#### How to complete this task
Every line from the first one in the data below through the line holding "매입가는 1,094.4 달러인데" is to be written out exactly, with the pictures omitted.

#### Given material

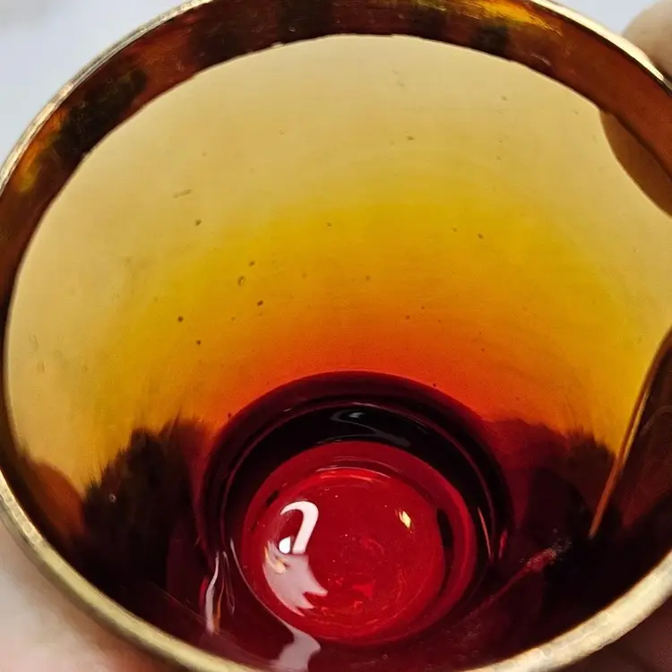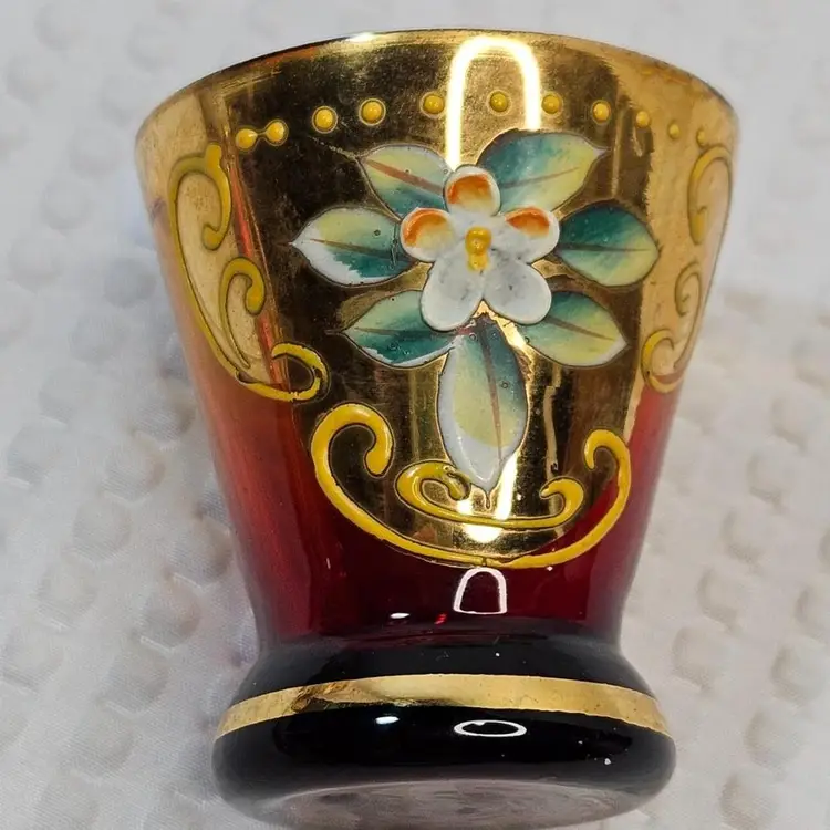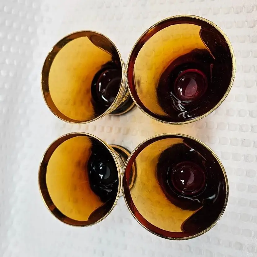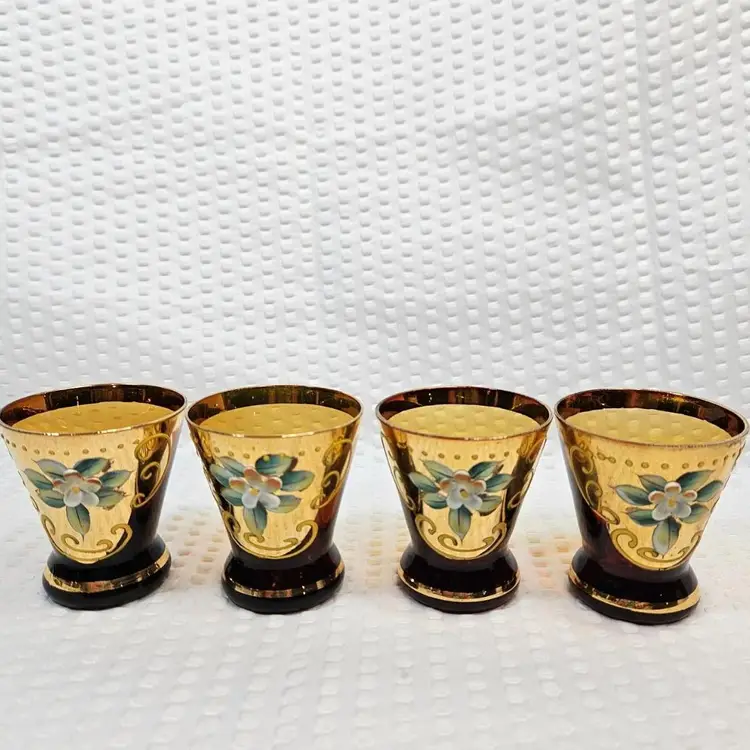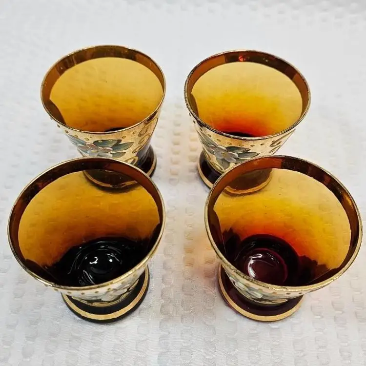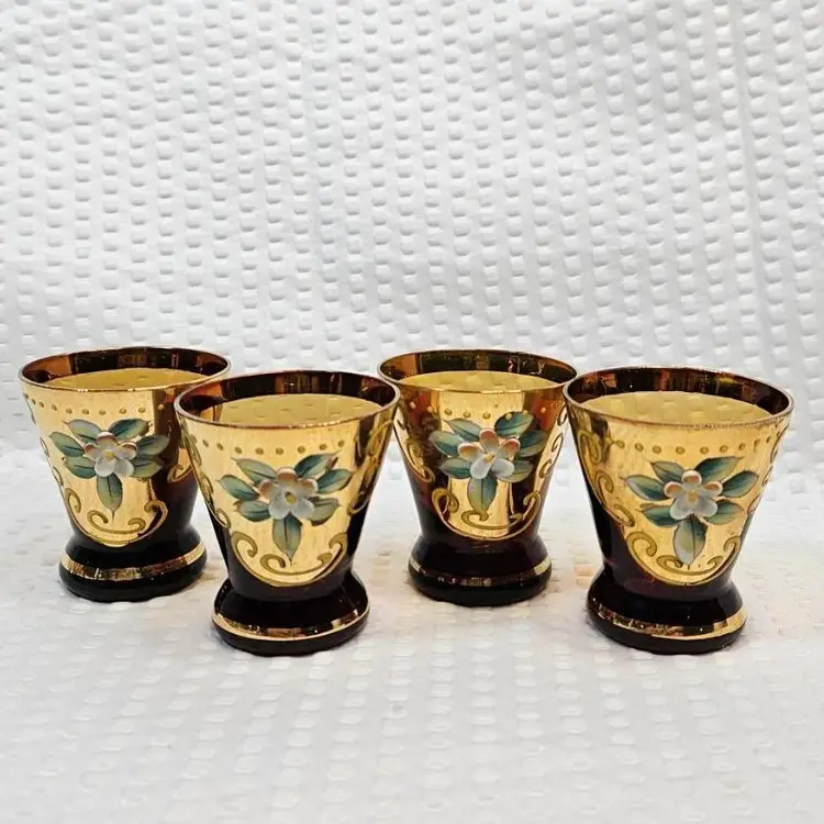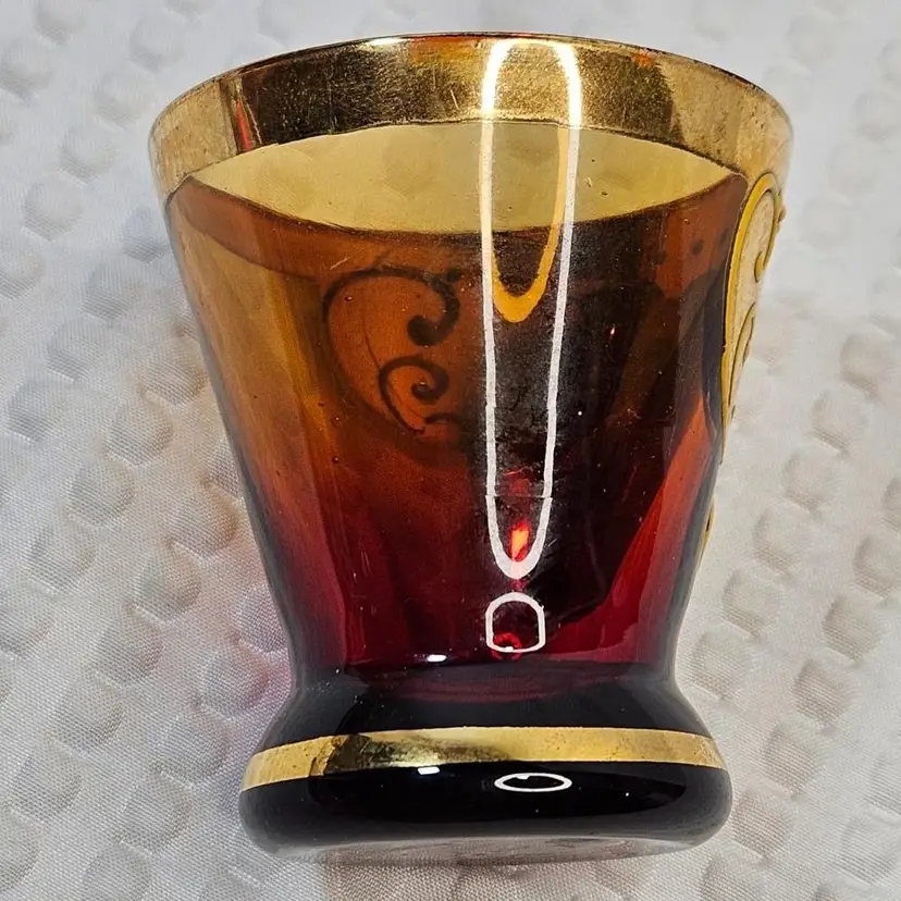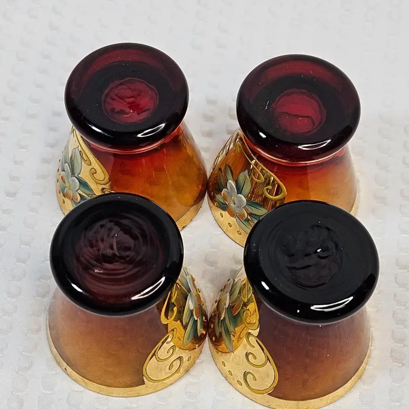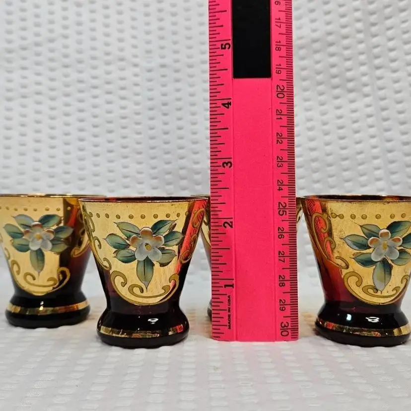 Item in good condition with minor signs of wear/age. There is slight wear, scratches, color loss to the gold gilding. Two of the glasses have more of a red hue or tint at the base. Each measures approximately 2.25 inches tall. Please examine all photos. Thank you.
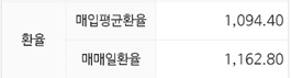 매입가는 1,094.4 달러인데 매도일 기준 환율은 1,162.8원으로 68.4 달러 환차익을 보았네요.
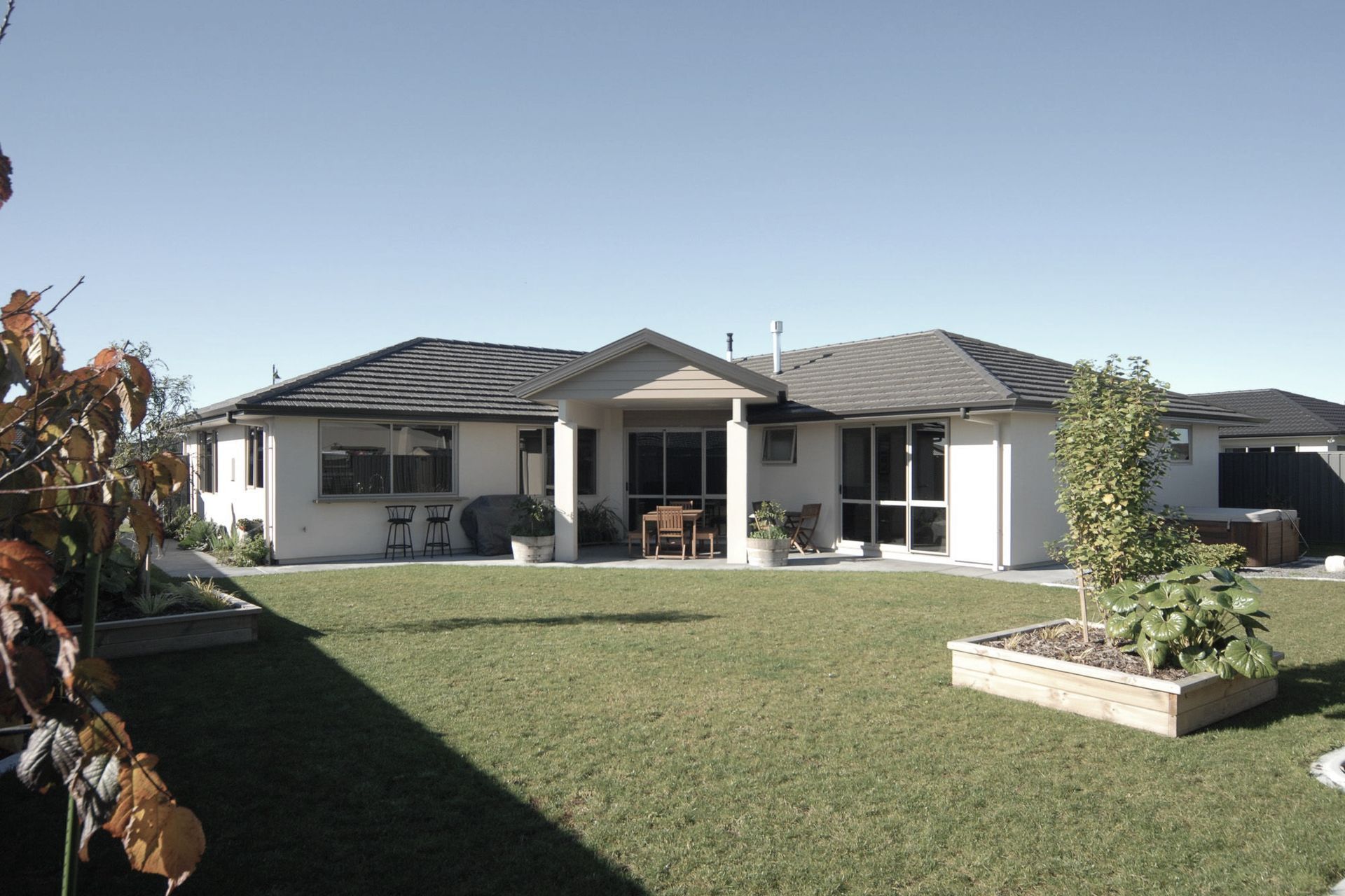 ArchiPro Project Summary - A thoughtfully designed family home that maximizes its large section with attractively landscaped gardens and an expansive rear lawn featuring lush green borders.

#### Written answer
 Item in good condition with minor signs of wear/age. There is slight wear, scratches, color loss to the gold gilding. Two of the glasses have more of a red hue or tint at the base. Each measures approximately 2.25 inches tall. Please examine all photos. Thank you.
 매입가는 1,094.4 달러인데 매도일 기준 환율은 1,162.8원으로 68.4 달러 환차익을 보았네요.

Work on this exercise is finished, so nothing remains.